Published: June 15, 2010

Category: General

Having just finished recording their latest album, I got to meet up with the guys from ‘The Debonaires‘ this past weekend to shoot their new CD Artwork.

Now, to use one of today’s buzz phrases this shoot was very ‘organic’ as we’d not been able for all manner of reasons to meet up and talk through the shoot beforehand to get an understanding of what it was we were wanting to achieve. All we did know was that at the end of the shoot we had to come away with images that could be used for the front cover of the new CD as well as a booklet inside and a printed image on the CD itself. Drummer and Vocalist Mick Colley had scouted a location for an ‘indoor’ shoot and had also arranged for a Model T Ford, a classic 1950’s style car, to be brought to the location so that it could be incorporated in the outdoor shots.

When it comes to locations, I can honestly say I never would have thought that the Little Chef on the A14 in Kettering, Northampton would be suitable however before going there I found out that it was the very same Little Chef that Chef Heston Blumenthal had ‘re vamped’ and given a whole new look and a whole new menu; a look which incidentally had a decor very similar to that which you would have seen in the 1950’s…perfect!!

So, with the kind permission of the Manager on duty at the time I started taking some shots of the guys around the ‘Restaurant’:

Being very conscious that we had only just been given permission to take photographs inside and that there were paying customers present we didn’t spend too long shooting.
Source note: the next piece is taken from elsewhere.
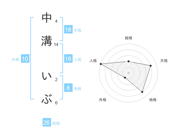 中溝 いぶさんの天格は18画の4点!

We kept everything nice and simple using just available light, sticking to only a couple of areas and resisting the urge to bring in any kind of artificial lighting.

Having spent around 20 minutes or so indoors we then went outside into the Car Park where by this time, the Model T Ford had arrived.

The location wasn’t perfect but then saying that it very rarely is, as we had a steady flow of cars moving around the car park with customers leaving and arriving. Positioning the car and the guys in the ‘ideal’ spot was quite challenging due to the amount of cars in the car park and also it seemed like every spare piece of sky had something in it like a crane or pylon. It was clear that although I like to get my shots composed how I want them ‘in camera’ I was going to have to be a little more flexible on this occasion and go into it knowing that I would have to remove a few objects in Post Production to get the final image.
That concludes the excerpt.